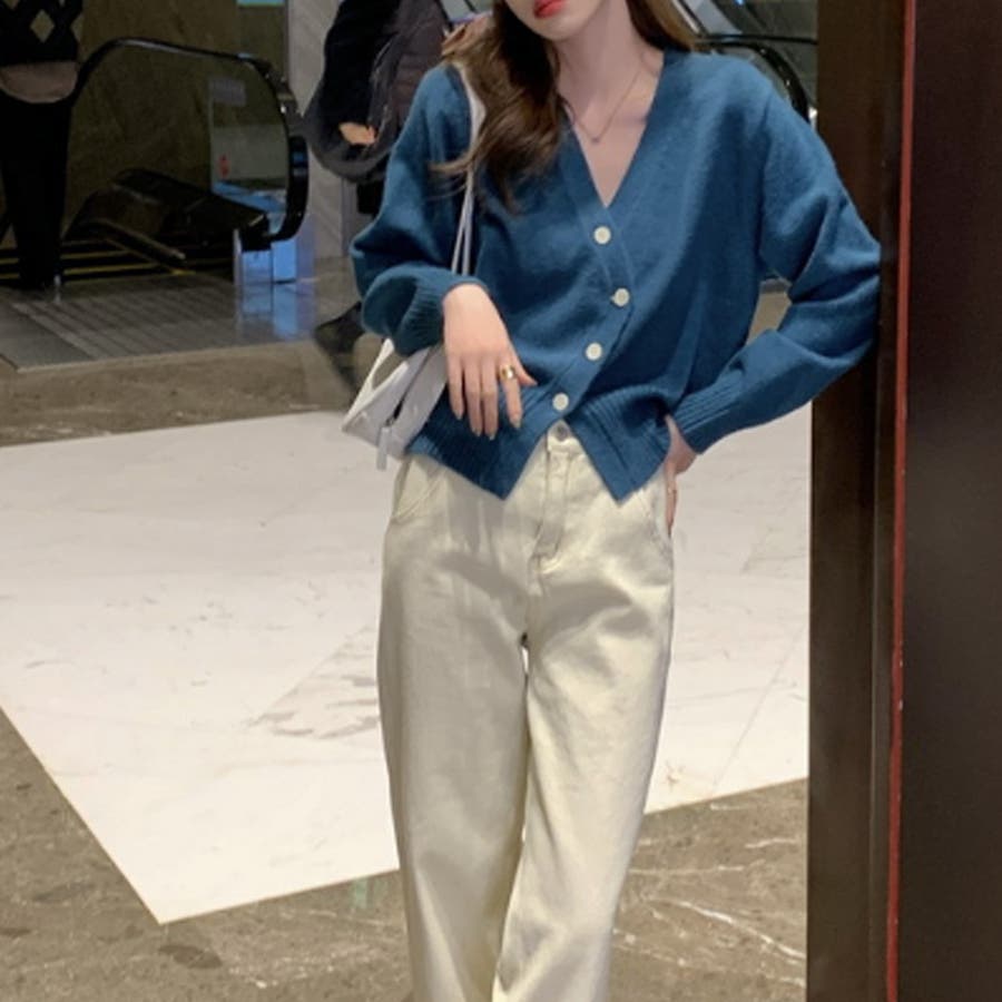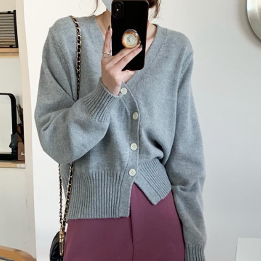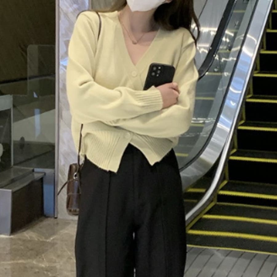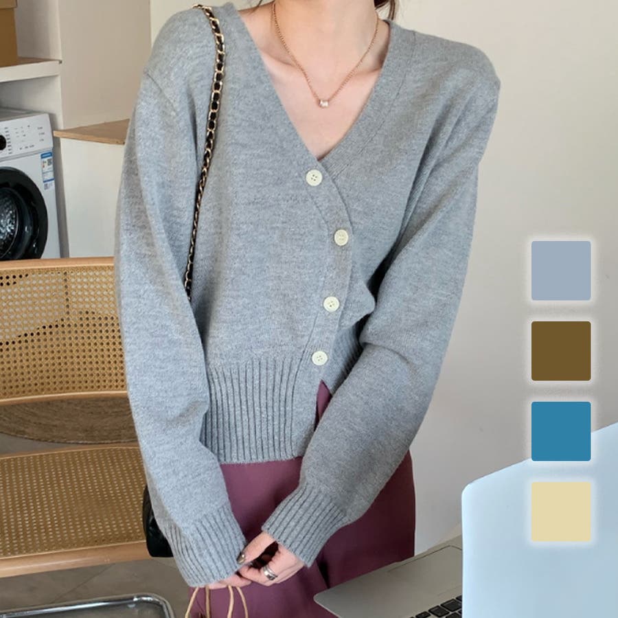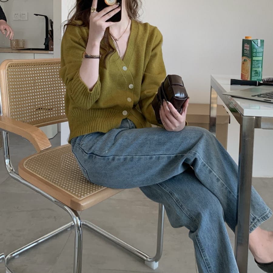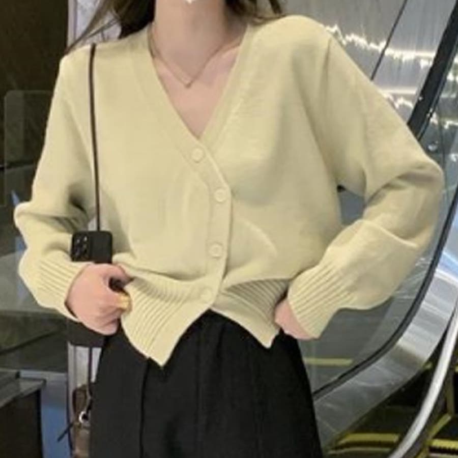 ・トレンドのクロップド丈でボタンを外せばスタイル良く脚長効果も期待できるカーディガン。
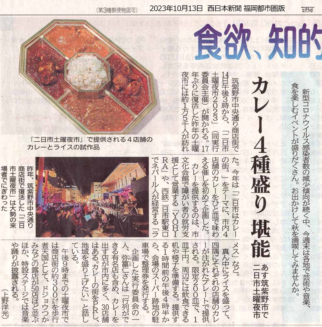 また一昨年より、約40店舗の出店以外に【二日市はカレーの街。】という食のイベントも開催。
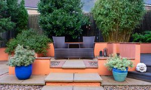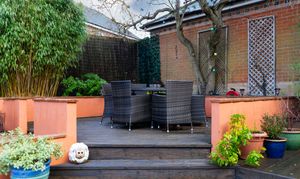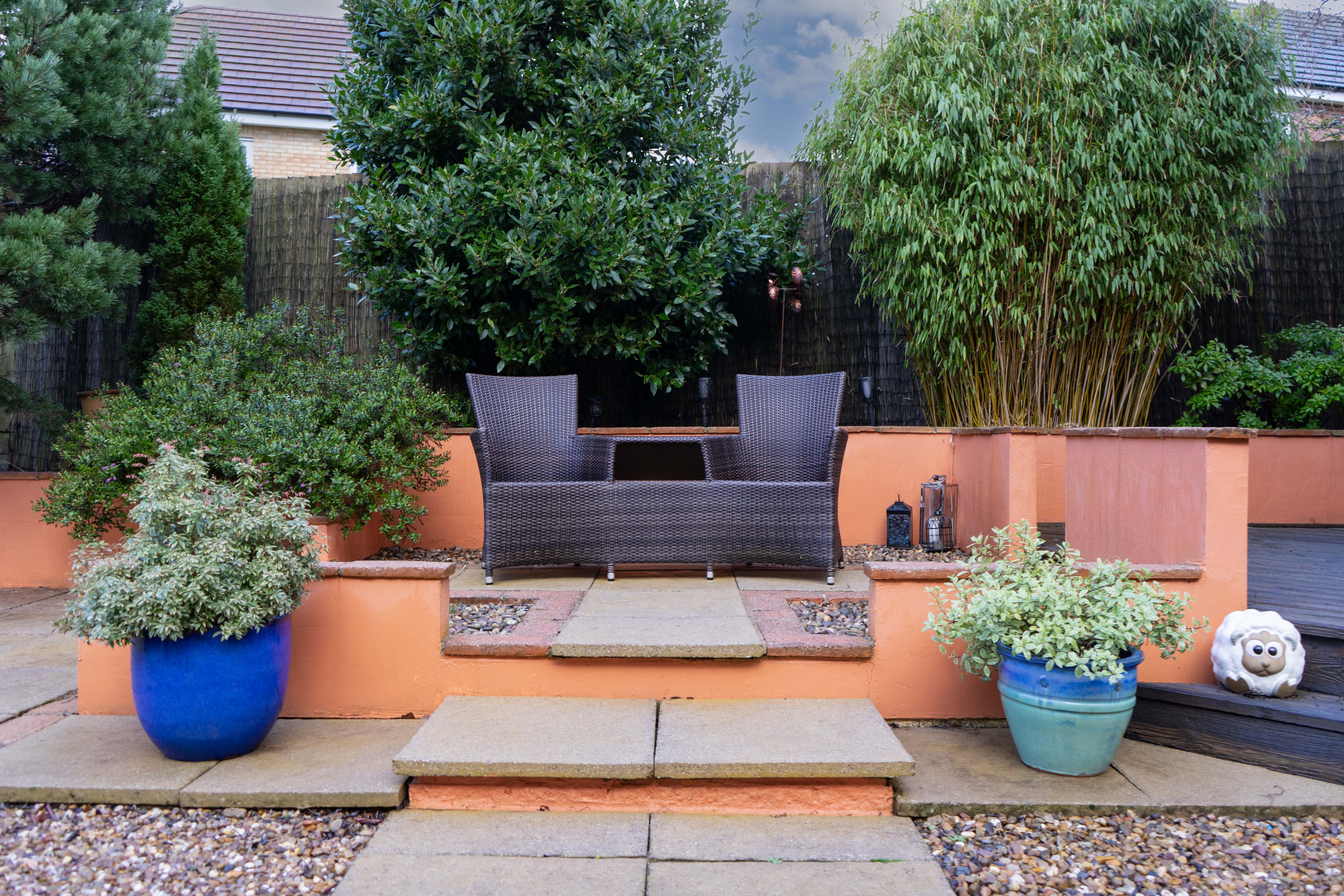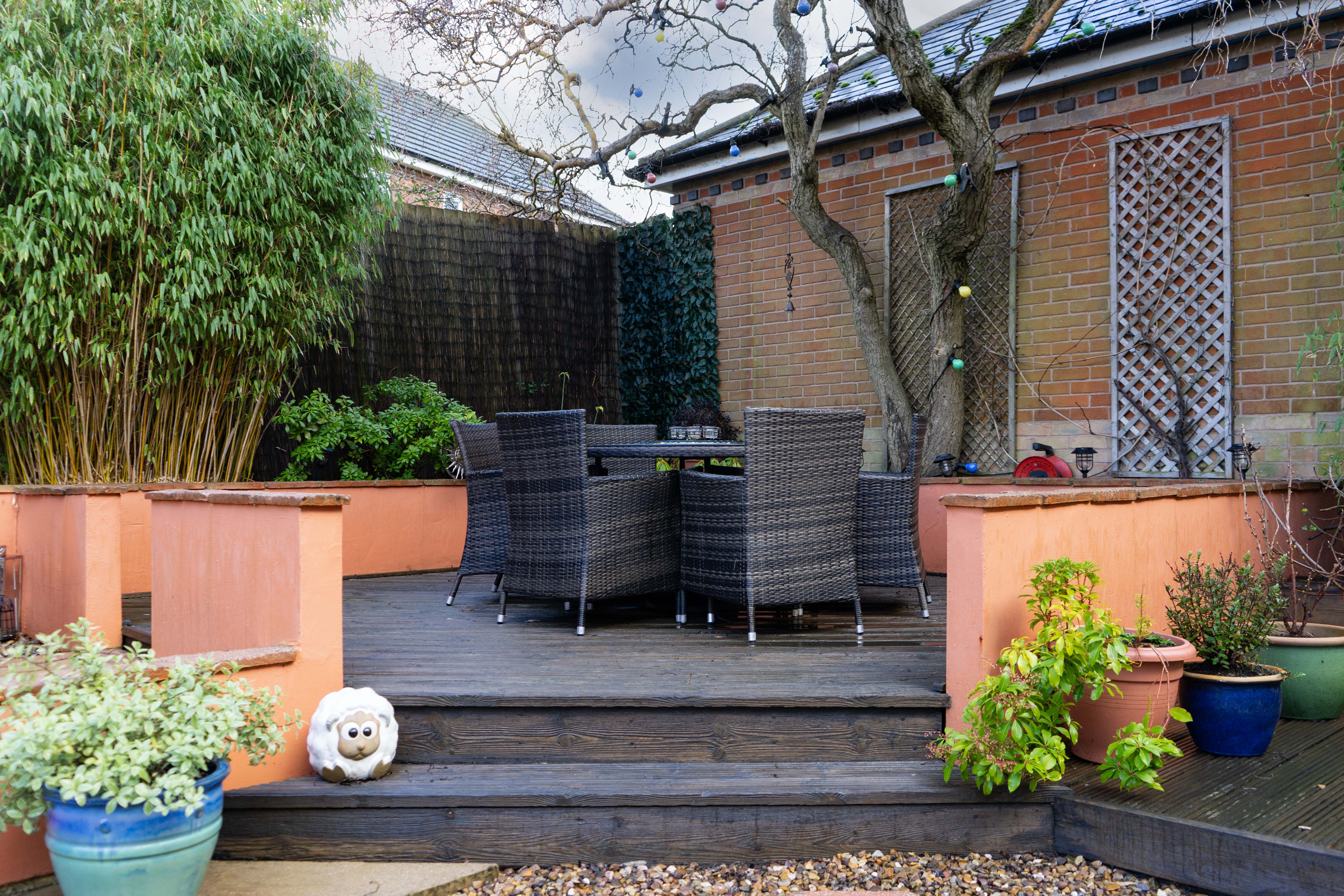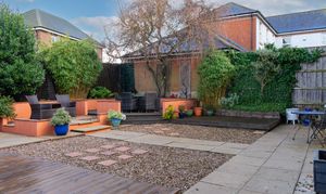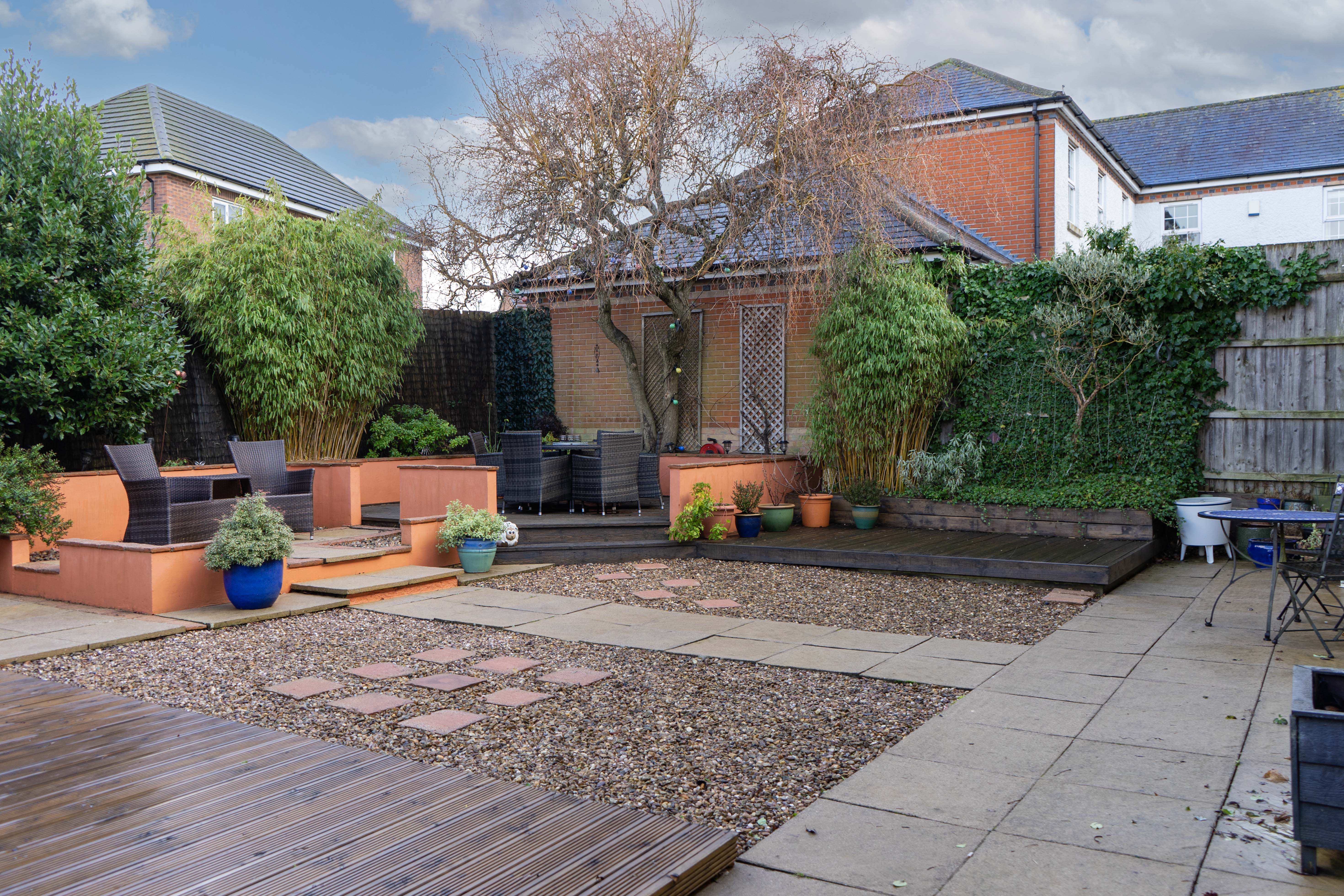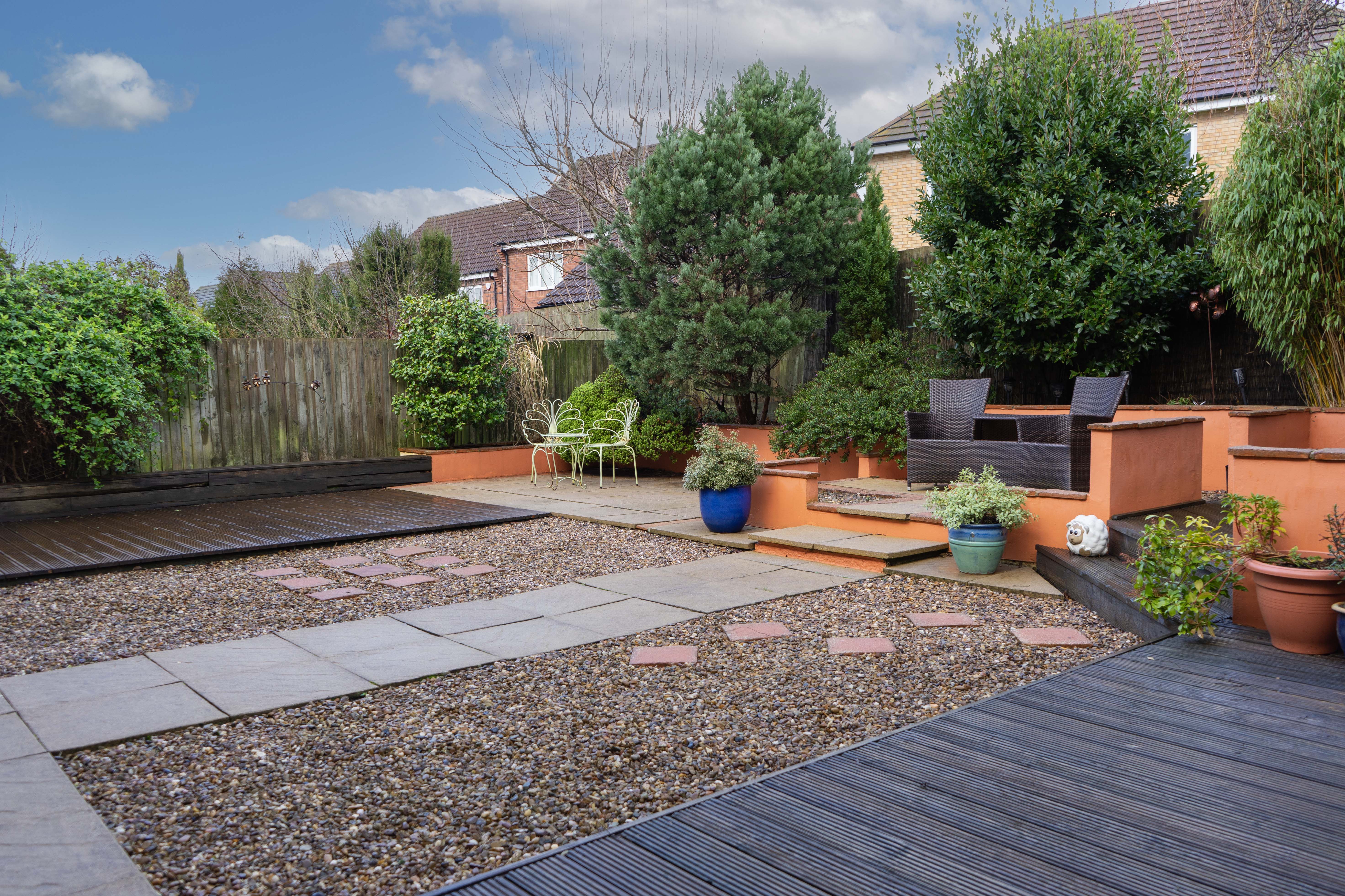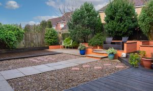 With paved pathway, paved patio seating areas, decking areas, raised paved patio area to the rear, flowerbeds and shrubs, fencing to perimeter.
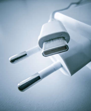 Various types of plugs and cables for audio, video, computer, smartphone and recharging connections. Evolution and change of the types of analog and USB connectors.

● Work to be completed
The listing above needs to be output again exactly. Don't include the pictures.

● Task output
 ・トレンドのクロップド丈でボタンを外せばスタイル良く脚長効果も期待できるカーディガン。
 また一昨年より、約40店舗の出店以外に【二日市はカレーの街。】という食のイベントも開催。
 With paved pathway, paved patio seating areas, decking areas, raised paved patio area to the rear, flowerbeds and shrubs, fencing to perimeter.
 Various types of plugs and cables for audio, video, computer, smartphone and recharging connections. Evolution and change of the types of analog and USB connectors.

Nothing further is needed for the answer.